Dado o domínio da China no mercado e as vantagens que vêm com a escala, Hulak afirmou que não há como um processador emergente competir sem um apoio governamental significativo.
Nada se compara
Depois de transformado em ímanes, eles são colocados ao redor de um núcleo dentro de um motor e conectados a um eixo. O núcleo é cercado por uma carcaça externa que inclui uma rede de fios elétricos. Quando uma corrente passa por esses fios, ela cria um campo elétrico que primeiro atrai, depois repele, os ímanes, forçando-os a girar e a mover o eixo.

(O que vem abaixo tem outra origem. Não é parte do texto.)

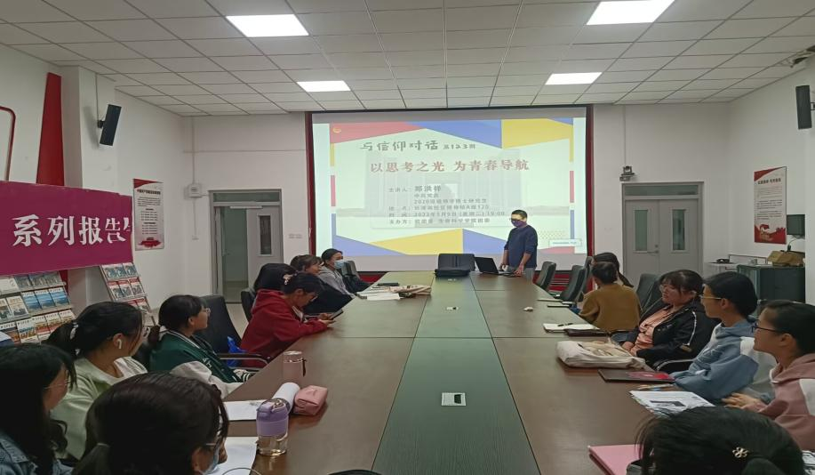 2023年5月9日晚上,在英国上市公司365长清湖校区博物楼A座120会议室,校团委与英国上市365团委共同举办的主题为“以思考之光 为青春导航”的“与信仰对话”讲座顺利举办。本次活动由中共党员、2020级植物学博士研究生郑洪祥担任主讲人。

Muitas empresas que dependem desses ímanes têm procurado alternativas, seja um íman sem terras raras ou um motor sem ímanes. A esperança é tornar a cadeia de abastecimento mais segura e resiliente, Hulak.
Mas, até agora, não há alternativas.
“Você troca o desempenho, a eficiência, o peso ou o tamanho, a torque, e tudo isso tem um grande impacto nos motores,” disse Hulak. “Não há uma solução mágica.”